Âlem halkı âtıl ve bâtıl olurdu demek de, âlem halkı —ki âlemde yaşayan bütün yaratıkları kapsar (nsan ve insandan başka diğer canlılar)— sefalet, meskenet, tembellik ve işsizlik içinde, bâtıl yani yanlış yolda kalırlar idi manasını, taşır.
Zira eğer maddî eğitim, yani teknik eğitim, başka bir ifadeyle müsbet bilgiler ihmal edilse idi, bundan sadece insanlar değil, diğer canlılar da, diğer yaratıklar da zarar göreceklerdi manasını ifade için ”halk-ı alem”“ yani alemdeki yaratıklar şeklinde beyan buyrulmuştur.

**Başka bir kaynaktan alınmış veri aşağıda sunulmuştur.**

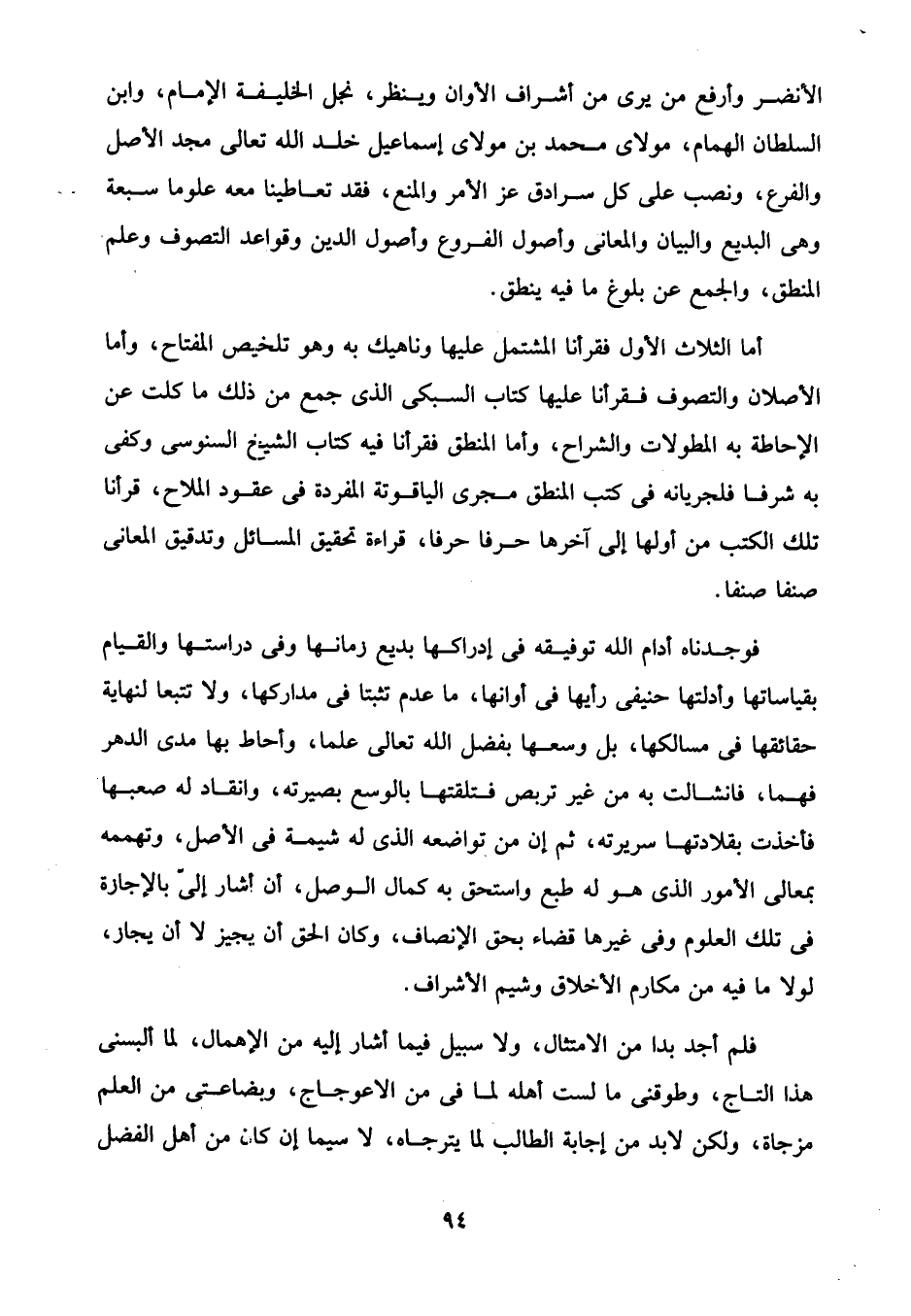 الأنضر وأرفع من يرى من أشراف الأوان وينظر، نجل الخليفة الإمام، وابن السلطان الهمام، مولاى محمد بن مولاى إسماعيل خلد الله تعالى مجد الأصل والفرع، ونصب على كل سرادق عز الأمر والمنع، فقد تعاطينا معه علوما سبعة وهى البديع والبيان والمعانى وأصول الفروع وأصول الدين وقواعد التصوف وعلم المنطق، والجمع عن بلوغ ما فيه ينطق.

Şayet bizler sadece bu beyit gereğince hareket ederek, asırlardan beri Batılılaşacağız diye teferruat dahi olmayacak kadar ehemmiyetsiz şeylerle uğraşacağımıza, bizleri hıristiyan Avrupa’nın karşısında zaafa uğratan sebepleri teşhis ederek;”Teknik sahaya” kayarak, bu teknik eğitimle manevi eğitimi beraber yürütebilse idik, bugün için hiçbir meselemiz kalmaz ve böylece yurdumuzda cami minaresi kadar fabrika bacası yükselmiş olurdu ve yüzlerce işsiz de iş bulmak için hıristiyanlaşmak pahasına yabancı ülkelere gitmek âfetiyle karşılaşmazdı.
Sonuç olarak da, milletçe bu fasit daireden kurtulmuş olurduk.